The graph illustrates a consistent pattern in multinational enterprises' foreign direct investment (FDI) equity acquisition. In the first quarter of 2023, there was a notable increase in the sale of assessed shares, surpassing the projected figures for the upcoming fiscal year. However, it's important to highlight that sales experienced a significant drop in the fourth quarter, reaching approximately $2,382,000.00.

In April 2023, there was an uptick of $2,742.00, but by June 2023, sales declined to $3,162.00.
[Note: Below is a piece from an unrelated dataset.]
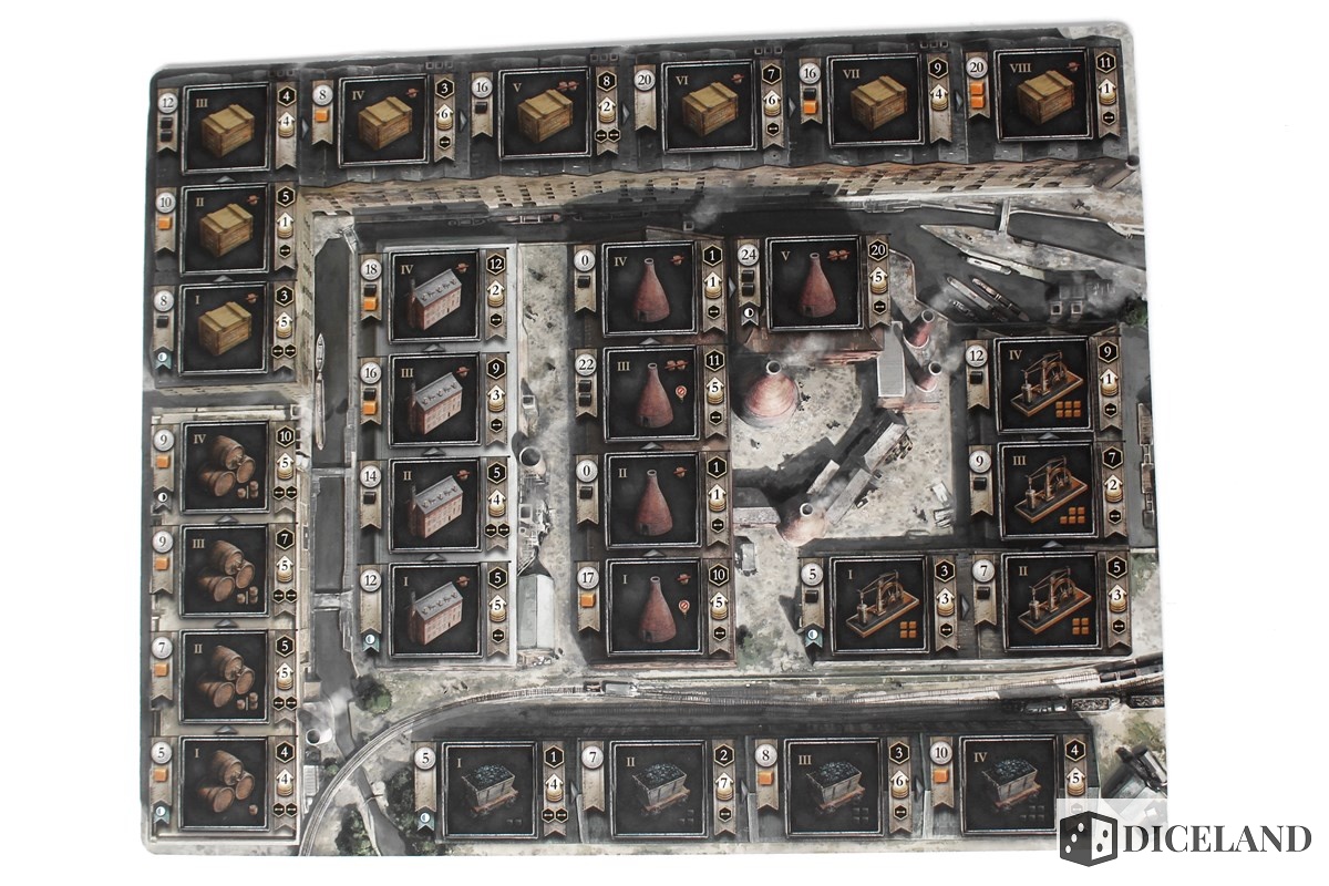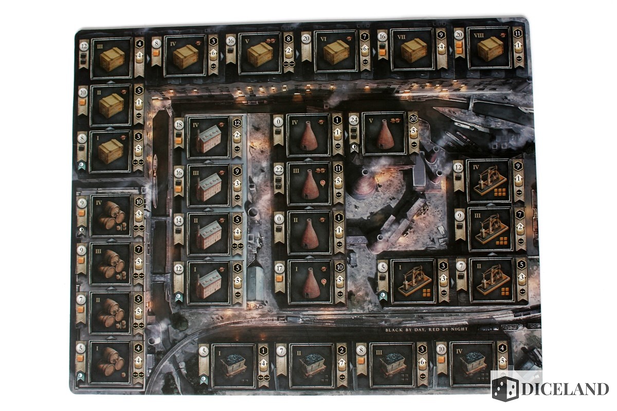 Oczywiście, aby budowa mogła się odbyć, trzeba ponieść pewne koszty. Czasami wystarczy przeznaczyć na ten cel odpowiednią ilość gotówki, niekiedy jednak będziemy zobligowani do dostarczenia węgla lub żelaza. Żetony budynków mogą od razu dostarczać określony surowiec lub też produkować towary, które będziemy musieli sprzedać. Co ważne wspomniane surowce nie będą służyły jedynie nam. Inni gracze również będą mogli z nich skorzystać, a niekiedy będą do tego zmuszeni, jeśli tylko powstała sieć transportowa im na to pozwoli. Ten ciekawy mechanizm stara się odwzorować na planszy zależność popytu i podaży. Wszystko dlatego, że nasze fabryki dostarczą nam punktów dopiero w momencie, gdy będą puste!

A comprehensive analysis conducted by reputable financial experts suggests that foreign investment may decrease due to the favorable trajectory of the Indian economy. According to current economic forecasts, the Indian economy is poised for a significant upturn, possibly in 2023 or 2024. This positive trend is expected to coincide with a corresponding increase in the value of the Indian Rupee.

The Indian government has implemented a series of strategic measures to enhance the global status of the Rupee. The stability of the Indian economy is not solely attributable to the efforts of institutions like the Reserve Bank of India (RBI) or the Federal Reserve System (Fed) in the United States. Additionally, the collaborative efforts of various stakeholders within the domestic market, such as companies, enterprises, and individuals, have played a pivotal role in shaping the current economic landscape.
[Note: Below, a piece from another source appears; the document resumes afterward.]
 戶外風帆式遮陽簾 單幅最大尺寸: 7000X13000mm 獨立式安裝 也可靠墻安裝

Global events and multiple contributing factors have hurt the devaluation of the Indian Rupee and India's overall economic performance. The regulatory framework, which involves various governmental bodies and the esteemed Reserve Bank of India, is actively implementing strategic measures to restore and reinforce the foundations of financial stability. By strategically harnessing synergistic resources and fostering mutually beneficial partnerships, there is a promising opportunity to sustain significant economic growth and establish a strong foundation for price stability until 2024.